Data items:
################

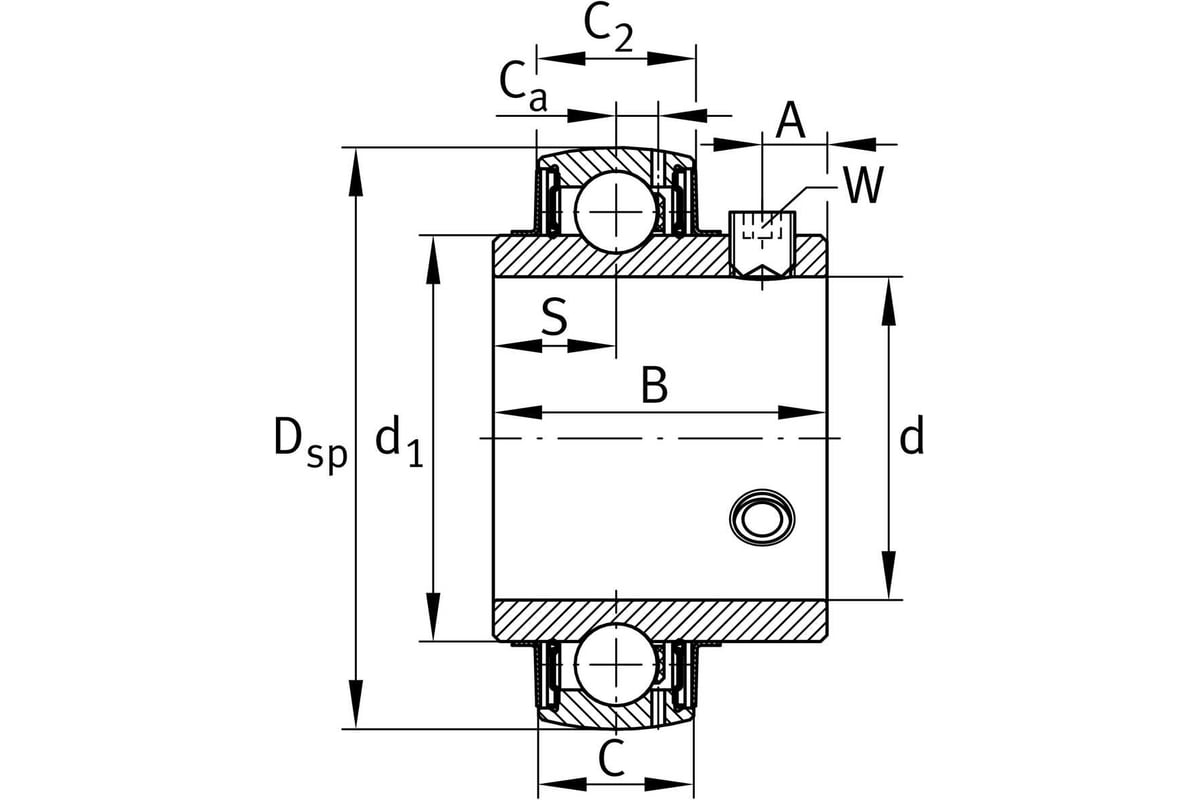 Корпусный подшипник сконструирован на основе уплотнённого радиального шарикоподшипника. Подшипник имеет сферическую поверхность наружного кольца и широкое внутреннее кольцо с установочным винтом. На внешнем кольце имеются смазочные отверстия для повторного смазывания.
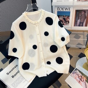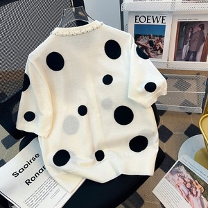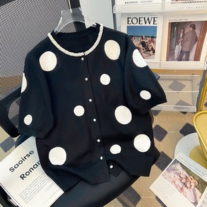 お買い得品! 85 ウール 15 マルベリーシルク ラウンドネック ビーズ ニット カーディガン 薄い黒と白の水玉模様の女性用半袖ジャケット
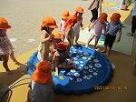 「金魚すくいやさん」(金魚をすくって、袋に入れてもらいます。金魚を選ぶのに時間がかかるほど、選ぶのを楽しんでいるお子さんもいました。)
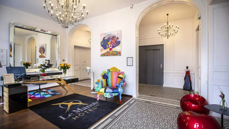 Le Manoir hotel, housed in a XIXth century building, renovated in 2011, will charm you with its singularity and its modern and contemporary style. Air conditionning in every bedroom ? lift ? You will enjoy its family atmosphere with 17 bedrooms equipped with palatial beds, TV with LEDS and free internet and wifi access. Quiet district, free parking area, 7mn walk from the old port, the city centre, close to the parks.
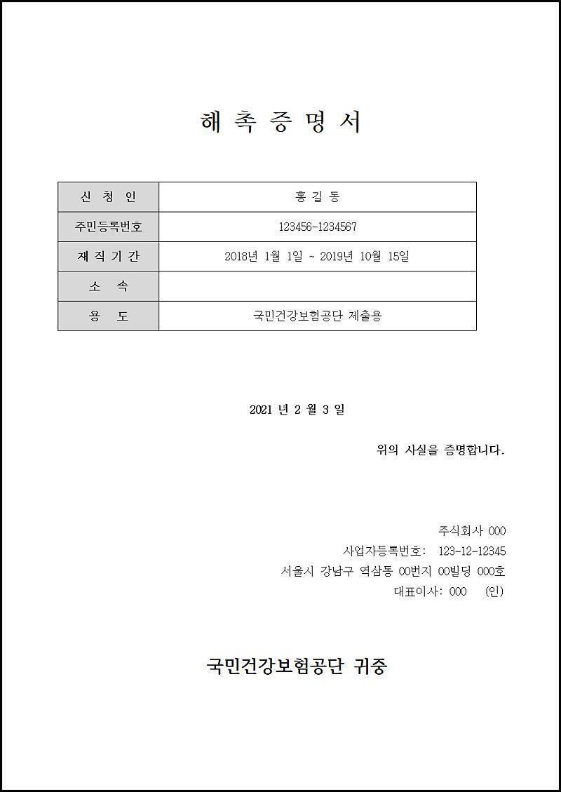 - 해촉증명서를 제출하지 않으면 건강보험료 정산이 잘못되어 소급 정산을 받을 수 있습니다.
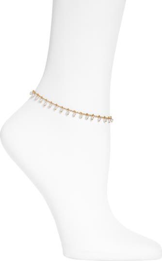 Lustrous faux pearls dangle from this handmade anklet adding elegant movement to each step.
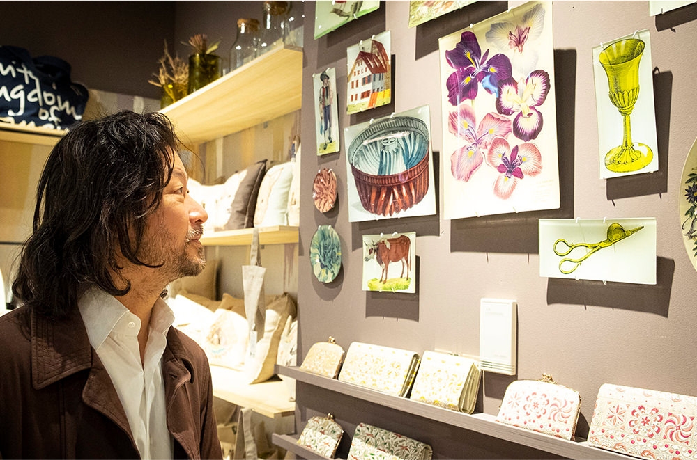 花とアートをこよなく愛する浅野さん。その好奇心を刺激するものが、ショップには他にもたくさん並んでいた。パリ在住のアーティスト・セバスチャンによる手吹きグラス・ブランド「La Soufflerie(ラ・スフルリー)」の花器や、ユーモラスなアートスタンプなどは特にお気に召したようで、店頭スタッフの説明に、真剣に耳を傾けている姿が印象的だった。
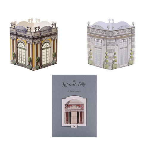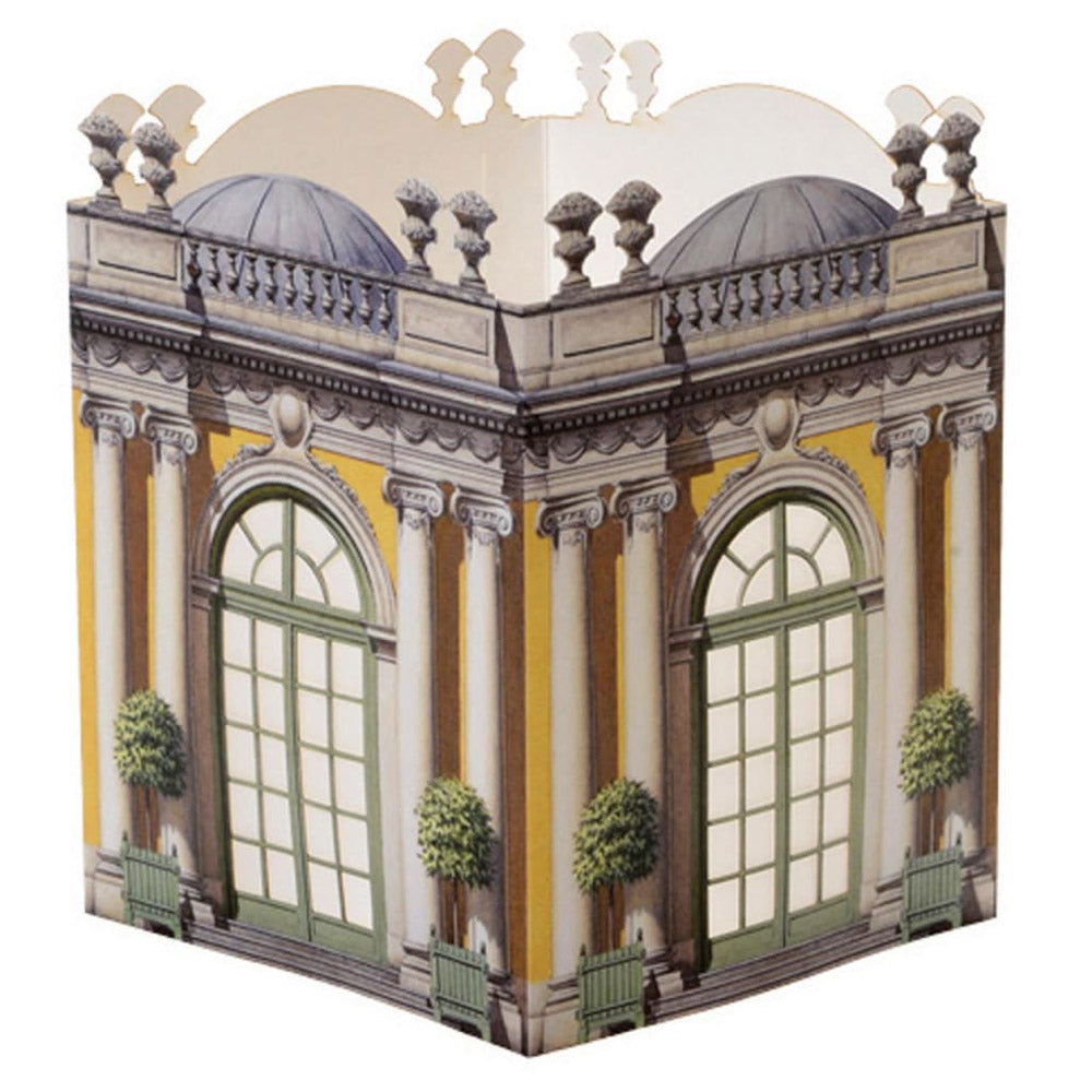 THE BELVEDERE TABLE LANTERN depicts a finely detailed classical pavilion, printed on heavy-weight stock with die-cut windows backed by translucent paper. Place a tea light inside and the pavilion glows with festive cheer.
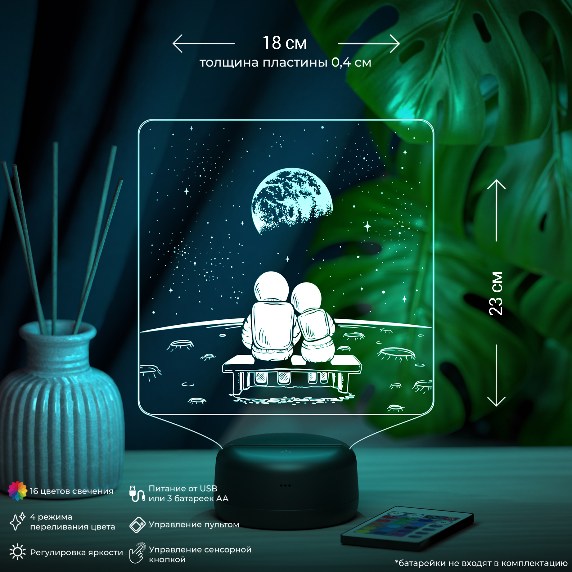 Питание: 3Д-Светильник работает от 3-х батареек АА или от USB провода. Возможна доукомплектация адаптером питания от сети 220V
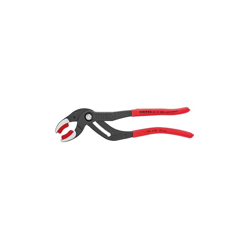 Pinza regolabile in acciaio al cromo vanadio con manico rivestito antiscivolo. Capacita' di lavoro diametro 10-75 mm. Ganasce con inserto antigraffio in nylon removibile con viti. 25 possibilita' di regolazione. Lunghezza 250 mm. Peso 355 g.
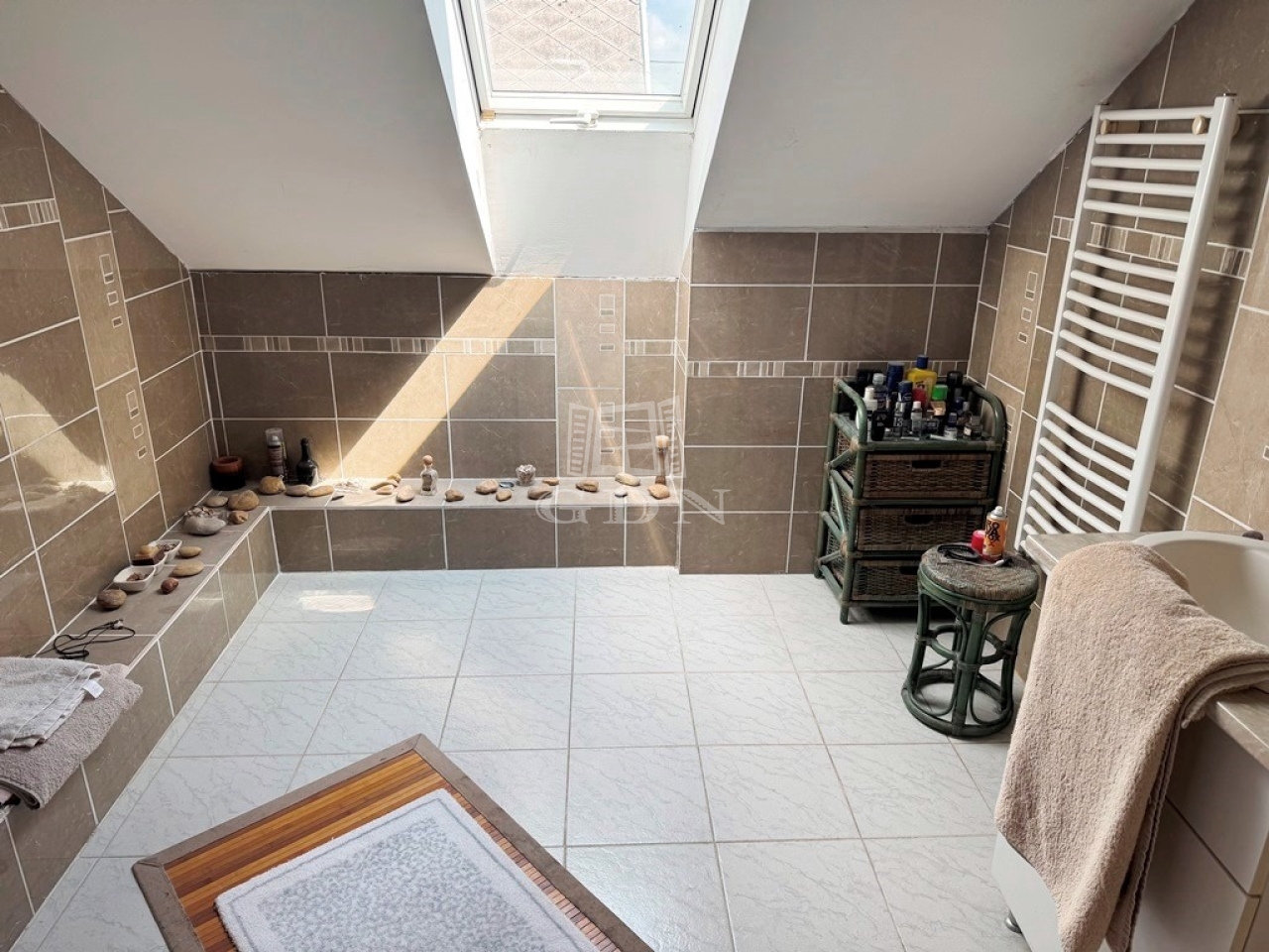 tetőtér: szoba 16,04m2, szoba 14,02m2, gardrób 9,29m2, előtér 9,33m2, fürdőszoba 5,75m2, toalett-bidével 1,82m2, szoba 8m2, szoba 7,57m2;

################

**ACTIVITY:** A verbatim reproduction is expected: starting at the line above that has "Lustrous faux pearls", ending at the line that has "Pinza regolabile in", both included, and with no pictures and no other lines.

**SOLUTION TO THE EXERCISE:**
 Lustrous faux pearls dangle from this handmade anklet adding elegant movement to each step.
 花とアートをこよなく愛する浅野さん。その好奇心を刺激するものが、ショップには他にもたくさん並んでいた。パリ在住のアーティスト・セバスチャンによる手吹きグラス・ブランド「La Soufflerie(ラ・スフルリー)」の花器や、ユーモラスなアートスタンプなどは特にお気に召したようで、店頭スタッフの説明に、真剣に耳を傾けている姿が印象的だった。
 THE BELVEDERE TABLE LANTERN depicts a finely detailed classical pavilion, printed on heavy-weight stock with die-cut windows backed by translucent paper. Place a tea light inside and the pavilion glows with festive cheer.
 Питание: 3Д-Светильник работает от 3-х батареек АА или от USB провода. Возможна доукомплектация адаптером питания от сети 220V
 Pinza regolabile in acciaio al cromo vanadio con manico rivestito antiscivolo. Capacita' di lavoro diametro 10-75 mm. Ganasce con inserto antigraffio in nylon removibile con viti. 25 possibilita' di regolazione. Lunghezza 250 mm. Peso 355 g.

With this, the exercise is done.